Publisher's Roundup, 2 May

Every week, our publisher draws on his globetrotting experience to pick his favourite deals from the Top 20. This time he (reluctantly) draws your attention to a Spanish castle escape, a Prague 3-nighter and a night of classical music from one of Britain’s foremost composers

£55 -- Secluded Medieval Spanish Castle Stay, Reg £97
Editorial honesty compels me to flag up this deal. I wouldn’t normally do it for the purely selfish reason that I don’t want you Travelzoo users nabbing all the rooms here and preventing me from staying. I love original accommodation.
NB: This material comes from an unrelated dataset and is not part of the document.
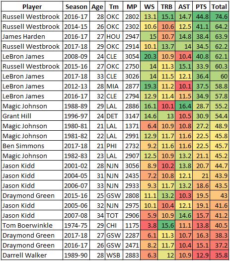 | Player | Season | Age | Tm | MP | WS | TRB | AST | PTS | Total |

I once stayed in a little Italian hill town that had become entirely derelict until bought in its entirety by the millionaire son of a concrete-manufacturing family who brilliantly restored it to every last antique detail and opened it as a strange village-cum-hotel. Well, our Spanish castle promises an even more distant trip back in time. It was erected in the 11th century, forsooth, and accordingly you get half an hour on the rack per couple, roast peacock at dinner with bottomless goblets of wine and the chance to pour boiling oil on the enemies of your choice. OK, I’m getting carried away, but the property does appear very sensitively maintained, complete with turret rooms, original wooden beams and (I’ll leave you to adjudicate on the, ahem, taste issue here) a restaurant in the dungeon. It’s a time machine, in other words, Travelzooers, and tickets are £55!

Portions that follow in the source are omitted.